Vivemos tempos paradoxais no nosso espaço público. A política e sobretudo o comentário político ocupam significativo espaço nos mais diversos meios de comunicação social, nomeadamente em canais de televisão, jornais, páginas da Internet, redes sociais. No entanto, o debate político raramente pareceu tão estreito nos seus temas e abordagens. Com honrosas e esporádicas exceções, as análises convergem nas velhas interpretações e posições do "centrão", alimentadas por uma relação, por vezes de manifesta cumplicidade, entre jornalistas, ex-detentores de cargos políticos e atuais atores políticos. A informação que recebemos surge-nos "contextualizada" e "cristalizada" em opiniões esvaziadas de capacidade crítica. Nessa formatação do comentário político, não cabem alguns dos fundamentais conteúdos novos e das dinâmicas que a conjuntura política que vivemos vai despoletando.
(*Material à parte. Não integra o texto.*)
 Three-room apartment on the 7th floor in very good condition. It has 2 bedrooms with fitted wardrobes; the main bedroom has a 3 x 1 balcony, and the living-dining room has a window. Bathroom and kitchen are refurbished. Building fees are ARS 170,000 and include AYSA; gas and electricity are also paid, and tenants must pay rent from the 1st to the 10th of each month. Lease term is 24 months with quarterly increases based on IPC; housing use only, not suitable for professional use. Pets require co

Pode acrescentar-se, com ironia, que o facto de o Presidente da República ser o mais qualificado dessa velha escola – e não se escusar a analisar e a comentar todos os factos e cenários – esvazia os conteúdos àqueles analistas. A alguns, resta-lhes o recurso à manipulação.
Um bom exemplo dessa manipulação de informação deu-se na última semana, aquando da publicação dos últimos números relativos ao crescimento económico que, em geral, excederam as expectativas. Como tal aceleração contraria a narrativa dominante ao longo do último ano, que afirmava a impossibilidade de êxito das políticas do Governo, rapidamente nos vieram explicar que esse crescimento tinha sido “impulsionado pelo investimento e pelas exportações”. Com toda a desfaçatez fazem de conta que o consumo nada tem a ver com o investimento, ignoram as alterações de comportamento das pessoas e das empresas face a indicadores de ordem política que lhes dão confiança, chegam mesmo a entrar na credibilização do raciocínio quadrado com que Passos Coelho pretende obter a paternidade daquele sucesso.
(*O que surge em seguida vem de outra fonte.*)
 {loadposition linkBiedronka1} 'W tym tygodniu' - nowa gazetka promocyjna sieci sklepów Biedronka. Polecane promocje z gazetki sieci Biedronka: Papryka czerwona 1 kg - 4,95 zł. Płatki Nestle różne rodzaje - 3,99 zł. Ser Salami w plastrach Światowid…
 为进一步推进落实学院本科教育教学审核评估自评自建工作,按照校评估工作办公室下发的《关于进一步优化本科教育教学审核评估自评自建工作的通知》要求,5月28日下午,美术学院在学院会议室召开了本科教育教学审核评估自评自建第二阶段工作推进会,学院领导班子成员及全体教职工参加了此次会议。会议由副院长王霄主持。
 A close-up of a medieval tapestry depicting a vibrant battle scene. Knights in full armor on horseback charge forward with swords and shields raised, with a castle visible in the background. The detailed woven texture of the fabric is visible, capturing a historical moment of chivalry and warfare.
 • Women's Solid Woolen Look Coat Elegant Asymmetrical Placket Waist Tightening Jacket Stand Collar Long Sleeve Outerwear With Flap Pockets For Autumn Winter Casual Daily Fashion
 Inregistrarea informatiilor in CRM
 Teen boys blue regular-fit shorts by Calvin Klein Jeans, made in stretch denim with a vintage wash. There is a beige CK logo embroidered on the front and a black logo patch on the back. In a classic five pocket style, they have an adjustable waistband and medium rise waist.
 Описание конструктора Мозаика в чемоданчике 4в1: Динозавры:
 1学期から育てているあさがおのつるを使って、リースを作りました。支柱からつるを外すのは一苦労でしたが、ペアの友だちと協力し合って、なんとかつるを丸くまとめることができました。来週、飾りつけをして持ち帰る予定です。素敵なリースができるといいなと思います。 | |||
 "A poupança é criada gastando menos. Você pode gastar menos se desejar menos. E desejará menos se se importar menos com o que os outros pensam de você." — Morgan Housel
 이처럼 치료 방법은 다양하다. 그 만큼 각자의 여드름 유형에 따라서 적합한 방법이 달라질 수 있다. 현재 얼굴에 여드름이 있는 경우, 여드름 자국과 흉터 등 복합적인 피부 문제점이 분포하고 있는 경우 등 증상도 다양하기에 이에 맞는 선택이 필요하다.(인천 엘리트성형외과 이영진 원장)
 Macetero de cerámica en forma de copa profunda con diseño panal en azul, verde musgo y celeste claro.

Entretanto, há questões cruciais que praticamente não são (e deviam ser) discutidas no espaço público. Em primeiro lugar, o caso da estratégia de Portugal na União Europeia (UE). Devemos procurar integrar o “núcleo duro” que se desenha em torno da Alemanha e da França, sujeito a regras que nos prejudicam, ou antes, defender com outros países em posição semelhante a Portugal, um redesenho da União em que haja lugar para todos?
Em segundo lugar, o emprego e a qualidade do emprego que estão a ser criados. Há dados que parecem mostrar que, apesar da redução do desemprego e da criação de novo emprego, se mantém em curso o processo de desvalorização dos salários que foi e será a principal causa da perda de população, em particular a mais jovem e preparada. Aquela tendência a confirmar-se decorre, pelo menos em parte, de alterações no enquadramento legal das relações de trabalho ocorrido nos anos da Troica e da propagação da precariedade. Devemos conformar-nos com o desequilíbrio instalado nas relações laborais, ou antes combatê-lo e contrariá-lo?
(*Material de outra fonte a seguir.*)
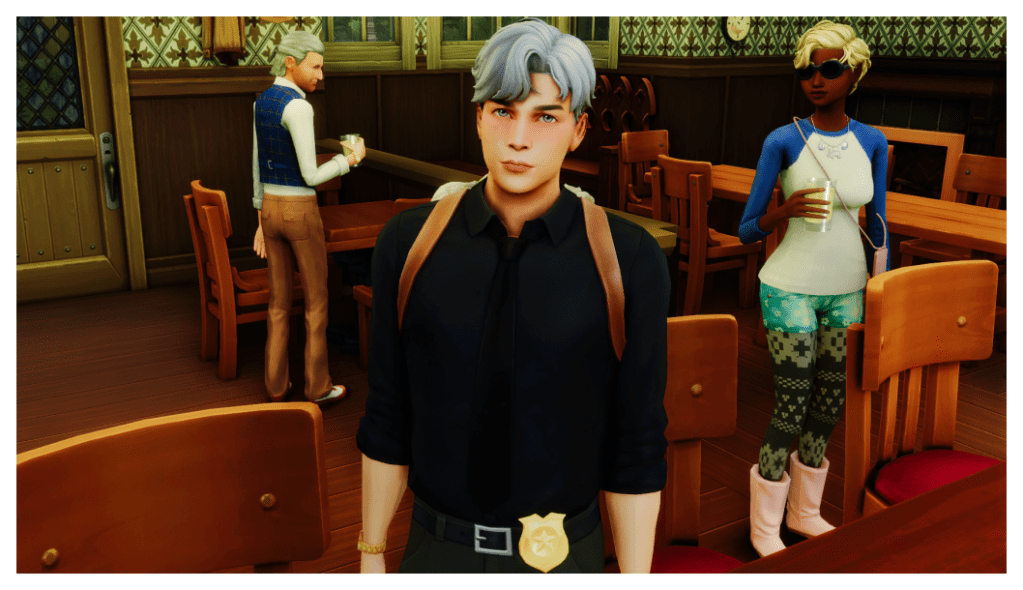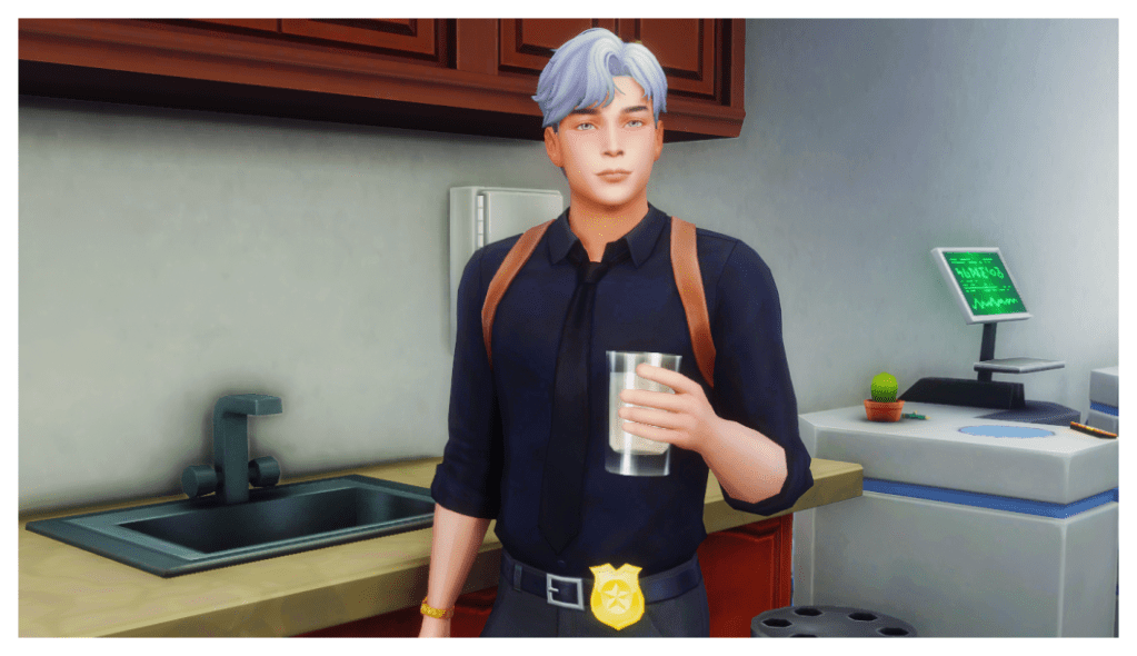 In The Sims 4, Marty was a police officer—a very good and honest one, in fact. He stood out for his genius in playing both the good cop and the bad cop all by himself, without any help during his interrogations. No criminal ever got away without making a confession.
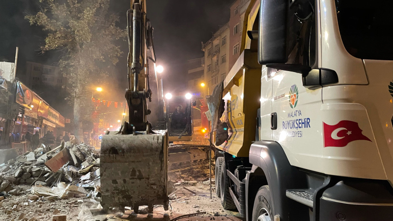 13 kişinin yaralı olarak kurtarıldığı enkazda çalışmaların tamamlanması ile enkaz kaldırma çalışmaları başladı. Malatya Büyükşehir Belediyesine ait iş makinelerince moloz yığınları kamyonlarla sabaha kadar taşındı.
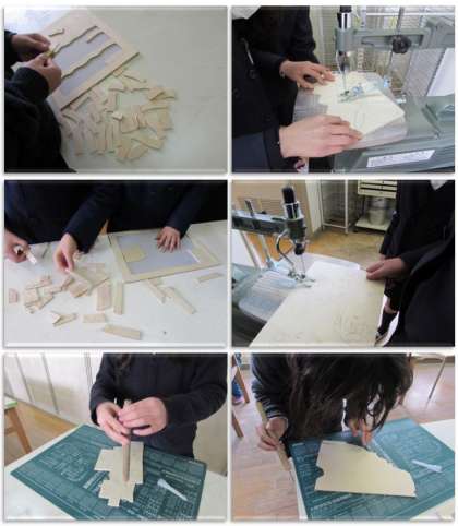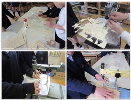 5年生の図画工作の学習です。木工パズルの作製に取り組んでいます。電動のこを使って、ていねいに切っています。
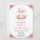 Este convite de aniversário elegante e festivo apresenta uma banca de bolo com biscoitos de gengibre, macarões, doces, cacau quente e bule de chá. Nos cantos estão lindas flores rosa de poinsettia. O texto combina o script manuscrito e as fontes sans serif para uma aparência na moda e moderna. Isto é perfeito para um brunch de Natal ou uma festa de chá.

Em terceiro lugar, a segurança social e o cerne das políticas sociais – que em grande parte dependem do valor que atribuímos ao trabalho e ao emprego - constituem, sem dúvida, áreas vitais para o desenvolvimento e o bem-estar futuro da sociedade portuguesa. Deixamos que “as regras do mercado” e o individualismo exacerbado se vão impondo, ou encaramos tensões e problemas existentes e definimos compromissos coletivos a assumir?
Em quarto lugar, a saúde a educação e outros serviços públicos, todos eles debilitados por cortes e cativações ao longo dos anos. Devemos continuar a comprimi-los para conseguir excedentes orçamentais que possam trazer a dívida pública para os níveis exigidos pelas regras da UE, ou lutamos para fazer prevalecer o Estado Social mobilizando a sociedade para a sua defesa e atualização?
A política não está em fuga. Pode até reganhar centralidade com os anseios das pessoas mais presentes. Mas são precisas opiniões consistentes, vindas dos diversos quadrantes e sensibilidades da sociedade, que se afastem do comentário de entretenimento do “centrão” e tratem seriamente os problemas, que é preciso discutir e resolver.